Это ощущение собственного полного идиотизма только укрепилось на следующий день. Представьте себе стерву, прекрасно понимающую свою власть над толпой белых воротничков, жаждущих попасть в число небожителей офиса Газсервиса. При этом, по своему положению в компании, стерва сама находится на уровне младшего помощника ассистента менеджера по кадрам и, по сути, ничуть не выше секретарши.
Взглядом свысока «боже как вы меня все утомили» она снисходит до кандидатов и во время собеседования начинает отрываться по-полной. Не знаю, как там нанимают руководителей, но у меня создалось ощущение, что целью собеседования является не получение каких-либо знаний обо мне и моих способностях, а самоутверждение этой длинноногой особы и наслаждение кратковременной властью над тем, кто посмел вожделеть стать равным ей.
А теперь представьте, что таких стерв вам надо пройти как минимум три, прежде чем вам допустят до собеседования с тем, кто, собственно, принимает решение о вашем найме на работу – с вашим потенциальным начальником. Возможно, у этой череды унижений и была четкая цель – отсеять всех, кто не замотивирован на работу в Газсервисе в нужной степени, но у меня никакого четко оформленного понимания того, что работа в этой корпорации необходима мне как воздух, не было и в помине. Я почему-то как данность воспринимал методику проведения собеседований этого отдела кадров и просто терпел, послушно отвечая на вопросы и педантично заполняя все графы идиотских тестов и анкет.
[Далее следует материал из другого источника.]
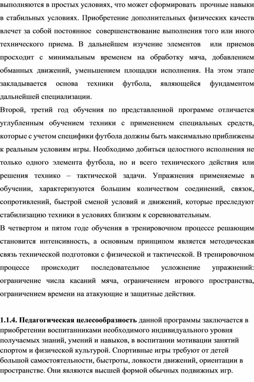 1.1.4. Педагогическая целесообразность данной программы заключается в приобретении воспитанниками необходимого индивидуального уровня получаемых знаний, умений и навыков, в воспитании мотивации занятий спортом и физической культурой. Спортивные игры требуют от детей большой самостоятельности, быстроты, ловкости движений, ориентации в пространстве. Они являются высшей формой обычных подвижных игр. Ребенок в кратчайшие промежутки времени учится видеть создавшуюся обстановку ( расположение партнеров и противника, положение мяча) оценить, выбрать наиболее правильные действия и применить их. Все это направлено на развитие быстроты мышления и быстроты реакции, формирование навыков аналитического мышления, точности двигательных действий. Определенный состав участников, распределение функций, четкая организация игровых условий способствуют формированию навыков работы в команде и командного взаимодействия, саморазвития и самовоспитания детей.
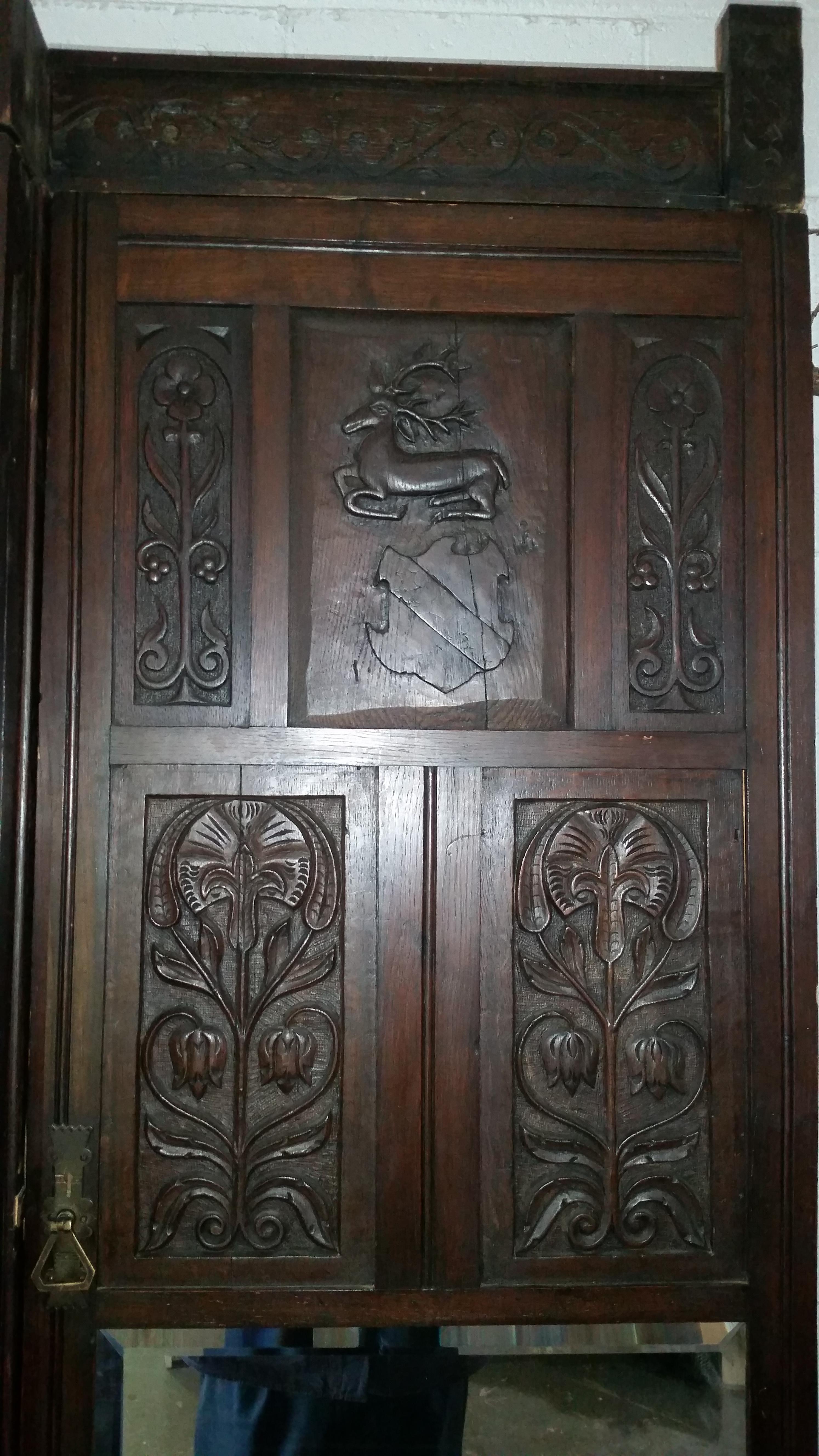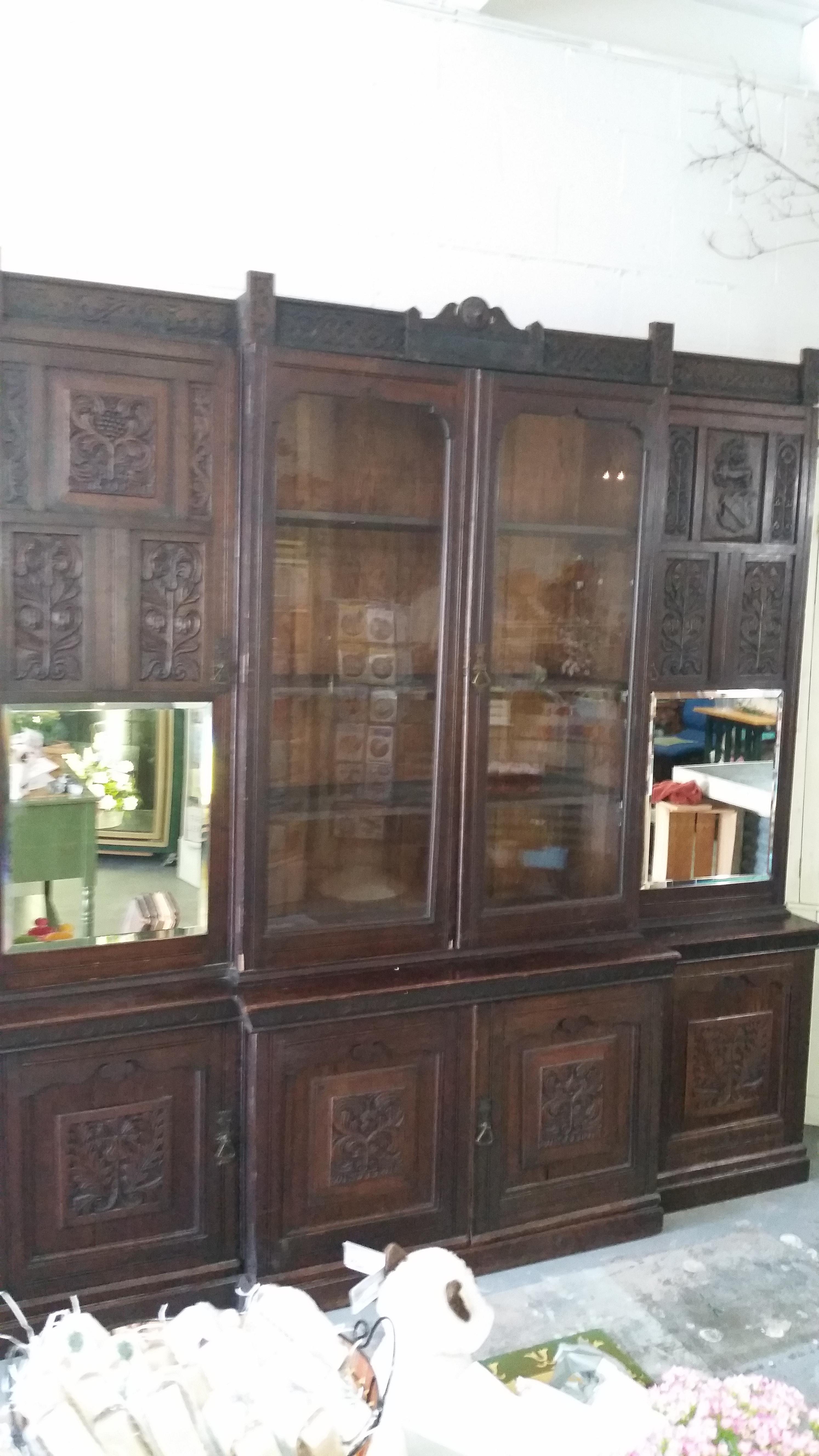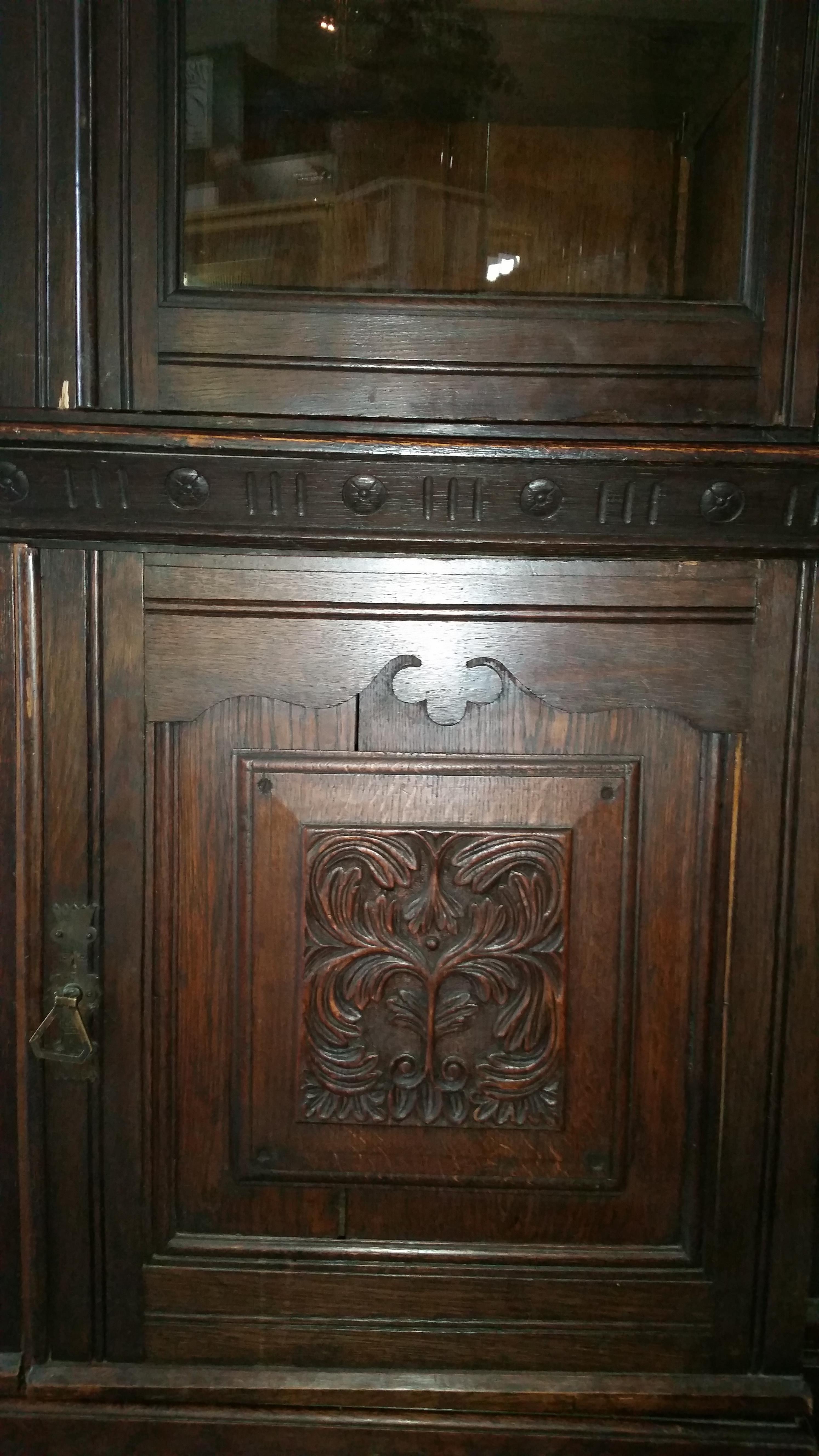 This cabinet is nearly 8 ft tall and 8 ft wide appears to be oak and is very dark.
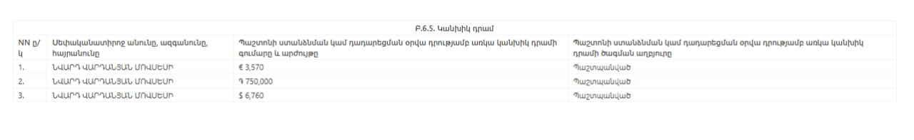 Վարկային պարտավորությունը պաշտոնը դադարեցնելու օրվա դրությամբ կազմել է 10,318,010 դրամ՝ անշարժ գույքի ձեռքբերման վարկ։

В отличие от менеджеров по персоналу, мой новый начальник мне понравился. Живой, чуждый классических для Газсервиса понтов, довольно открытый и веселый. Собеседование с ним было скорее дружеской болтовней. Помню, я даже удивлялся, насколько этот человек не вписывается в общий стиль поведения руководителей компании. Оказалось, что так думал не только я, так как его внезапно сократили примерно на третий день после начала моей работы. Такое часто бывает в крупных компаниях, когда даже внутри отдела персонала не все в курсе кто что делает – одна сотрудница нанимает сотрудников в новый, только создающийся отдел, то есть приглашает на собеседование меня, а начальник отдела кадров в это же самое время увольняет моего несостоявшегося руководителя. И в процессе увольнения отдел, как таковой, еще не фигурирует, и поэтому его расформированием никто не занимается, только потому, что документы о моем зачислении еще не прошли все бюрократические процедуры. Все это я понял несколько после, а тогда, в первые дни, я просто просиживал рабочее время возле компьютера, в огромном зале, поделенном перегородками на отдельные кельи, и гадал, когда же меня уволят, переведут в другой отдел или вообще дадут хоть какое-нибудь задание. Прошла неделя, затем другая. Я познакомился с ближайшими соседями, чьи макушки виднелись за перегородками рядом, постепенно вписался в офисный ритм. Слава богу, даже в столовой было не принято обсуждать свою текущую работу. Пошутить над начальником в курилке, или обсудить ножки новой секретарши – это было естественно, но о сути своей текущей работы речь не заходила никогда. На нее было словно наложено неявное табу. Или, возможно, явное, прописанное в какой-нибудь регламентирующей бумажке, которые я, как и все здравомыслящие люди, читать при поступлении не стал.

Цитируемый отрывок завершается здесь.